§ **ACTIVITY**:
With the line containing "You can choose" as the first and the final line of the entries as the last, repeat exactly the lines in that span, including both.

BEGIN MATERIAL PROVIDED

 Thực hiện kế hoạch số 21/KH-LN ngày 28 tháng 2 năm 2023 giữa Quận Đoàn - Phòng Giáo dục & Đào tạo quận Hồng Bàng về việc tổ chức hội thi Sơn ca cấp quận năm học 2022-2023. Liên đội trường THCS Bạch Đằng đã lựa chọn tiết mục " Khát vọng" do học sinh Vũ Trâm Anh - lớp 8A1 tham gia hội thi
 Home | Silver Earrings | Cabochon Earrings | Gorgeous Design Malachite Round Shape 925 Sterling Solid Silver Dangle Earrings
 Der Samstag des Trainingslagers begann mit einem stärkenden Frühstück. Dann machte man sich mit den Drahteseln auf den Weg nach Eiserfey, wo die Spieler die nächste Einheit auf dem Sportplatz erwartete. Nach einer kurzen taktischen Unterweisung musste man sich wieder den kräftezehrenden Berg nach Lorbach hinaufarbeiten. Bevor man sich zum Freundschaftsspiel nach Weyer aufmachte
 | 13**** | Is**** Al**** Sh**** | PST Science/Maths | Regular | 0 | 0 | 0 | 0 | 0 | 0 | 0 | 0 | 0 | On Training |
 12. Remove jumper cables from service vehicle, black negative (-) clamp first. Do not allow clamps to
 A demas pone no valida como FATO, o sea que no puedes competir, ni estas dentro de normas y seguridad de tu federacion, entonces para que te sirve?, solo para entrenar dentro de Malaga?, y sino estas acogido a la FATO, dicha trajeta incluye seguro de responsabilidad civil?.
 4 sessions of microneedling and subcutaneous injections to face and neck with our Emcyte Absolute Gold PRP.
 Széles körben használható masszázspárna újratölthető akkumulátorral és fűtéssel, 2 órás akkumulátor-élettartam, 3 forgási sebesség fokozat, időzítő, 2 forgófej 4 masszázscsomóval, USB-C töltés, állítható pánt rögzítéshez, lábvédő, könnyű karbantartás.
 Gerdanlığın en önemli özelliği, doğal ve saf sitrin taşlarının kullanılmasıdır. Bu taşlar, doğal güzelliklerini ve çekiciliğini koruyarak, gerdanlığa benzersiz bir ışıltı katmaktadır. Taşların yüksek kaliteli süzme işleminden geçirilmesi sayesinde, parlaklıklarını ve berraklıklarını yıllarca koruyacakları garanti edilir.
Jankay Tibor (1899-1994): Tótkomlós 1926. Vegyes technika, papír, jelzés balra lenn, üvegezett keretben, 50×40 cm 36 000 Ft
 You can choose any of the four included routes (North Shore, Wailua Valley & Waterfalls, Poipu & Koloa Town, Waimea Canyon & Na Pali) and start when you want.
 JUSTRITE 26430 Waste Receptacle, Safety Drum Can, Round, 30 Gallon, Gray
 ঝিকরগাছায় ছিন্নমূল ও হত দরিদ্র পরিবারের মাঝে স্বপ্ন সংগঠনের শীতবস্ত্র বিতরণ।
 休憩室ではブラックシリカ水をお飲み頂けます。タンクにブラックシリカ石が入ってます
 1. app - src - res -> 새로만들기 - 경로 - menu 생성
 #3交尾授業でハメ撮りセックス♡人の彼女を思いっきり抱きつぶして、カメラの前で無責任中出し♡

END MATERIAL PROVIDED

§ **RESPONSE**:
 You can choose any of the four included routes (North Shore, Wailua Valley & Waterfalls, Poipu & Koloa Town, Waimea Canyon & Na Pali) and start when you want.
 JUSTRITE 26430 Waste Receptacle, Safety Drum Can, Round, 30 Gallon, Gray
 ঝিকরগাছায় ছিন্নমূল ও হত দরিদ্র পরিবারের মাঝে স্বপ্ন সংগঠনের শীতবস্ত্র বিতরণ।
 休憩室ではブラックシリカ水をお飲み頂けます。タンクにブラックシリカ石が入ってます
 1. app - src - res -> 새로만들기 - 경로 - menu 생성
 #3交尾授業でハメ撮りセックス♡人の彼女を思いっきり抱きつぶして、カメラの前で無責任中出し♡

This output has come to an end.